In Melbourne, the disappearance of Bung Siriboon as she walked to school in June, 2011 has never looked like being solved. Because Bung was a teenager, local police initially dismissed her as a runaway.

But Cleo is only four, not 14, and when she vanished only metres from where her mother and stepfather were sleeping, it was enough to alarm the most sceptical police.

Siriyakorn “Bung” Siriboon vanished in June 2011.
Siriyakorn “Bung” Siriboon vanished in June 2011.

The scene was quarantined properly for forensic experts and Taskforce Rodia investigated as thoroughly as if they had a serial killer to catch, not just another “lost kid”.

Such swift and precise action is not how it happened in most cases that stick in our memories.
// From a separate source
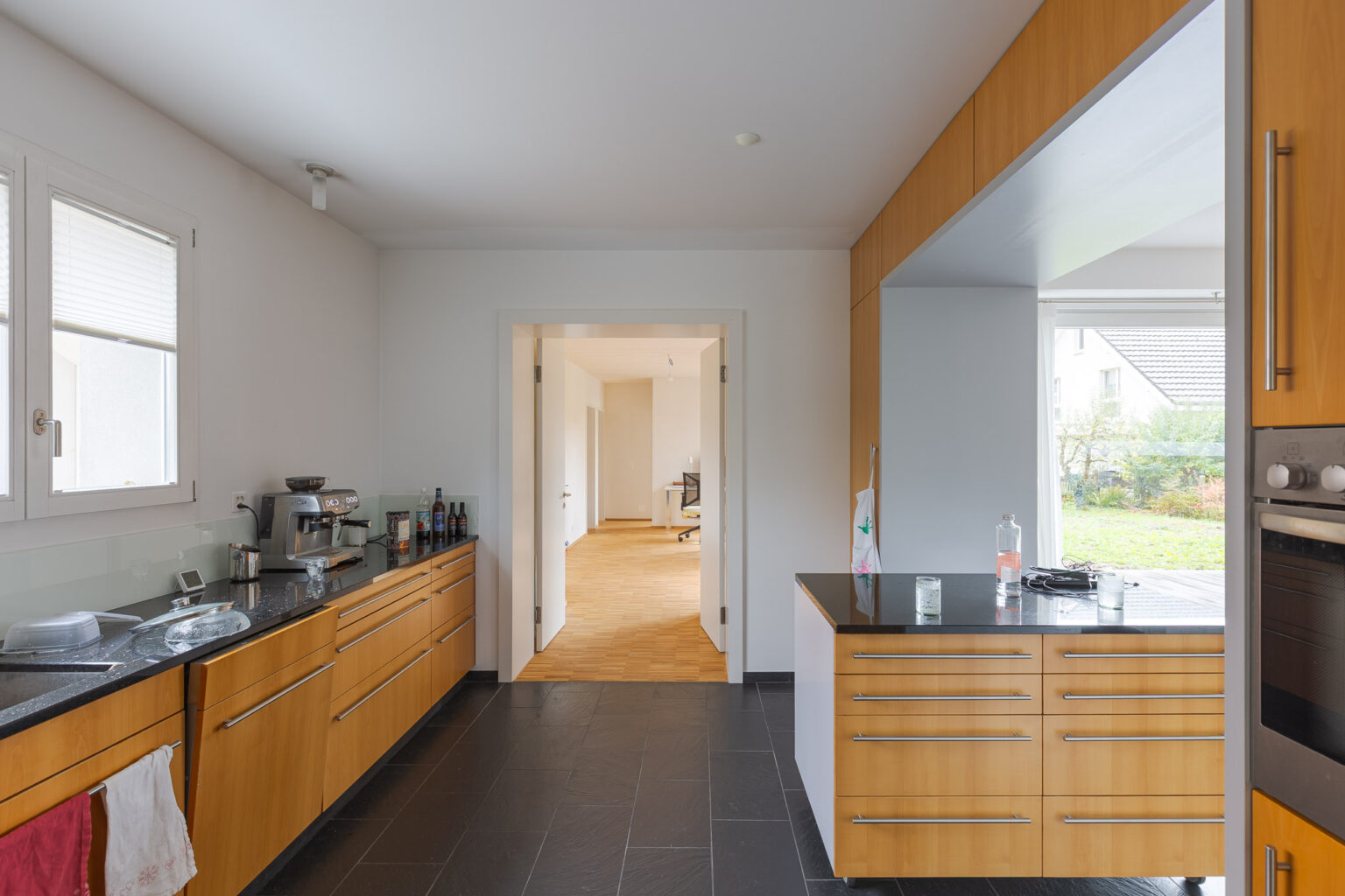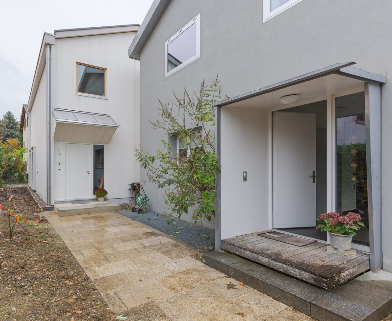 Stillgelegt wurde die bestehende einläufige Treppe. Sie wurde zum besonderen Reduit – mit schönen Eichenstufen als vielschichtige Ablage. Über die grossen Fenster zum Garten schweift der Blick zur hölzernen Fassade der Erweiterung. Das Erdgeschoss verfügt über vier stehende, bodenebene Fenster samt wertigem Holzrolladen. Das Obergeschoss zeichnet sich durch eine Fensterreihe mit hölzerner Balustrade aus. Die Holzfassade ist in einem warmen Hellgrau gestrichen. Sie blickt entspannt westwärts.

To be fair, of course, modern police have far better tools than their predecessors.

Once, if there were no eyewitnesses or fingerprints, investigators had little to go on but tips, hunches, door knocking and aggressive interview tactics with possible suspects.

Rewards, if and when posted, were nearly always too little and too late. But this time the West Australians played the big reward card early, no doubt calculating a million bucks could loosen the tongues of people who might normally avoid talking to police at all.

But there are other tricks in the police kit — and not the underhand sort that have led to at least three innocent men being wrongly jailed for murder in Perth over several decades.

They used mobile phone records and tracking, “dashcam” and security cameras, cashless electronic transactions, even litter that could be examined for DNA, fingerprints and identifying branding or serial numbers.

Abductors can run but they find it harder to hide from 21st century policing.

As a senior WA police officer said this week, basking in a well-deserved glow, “It’s a matter of piecing it through, working out who was where at the wrong time...”

Who was where at the wrong time.

The smart money says that is how the Wonnangatta mystery will be solved. But the odds are against another happy ending.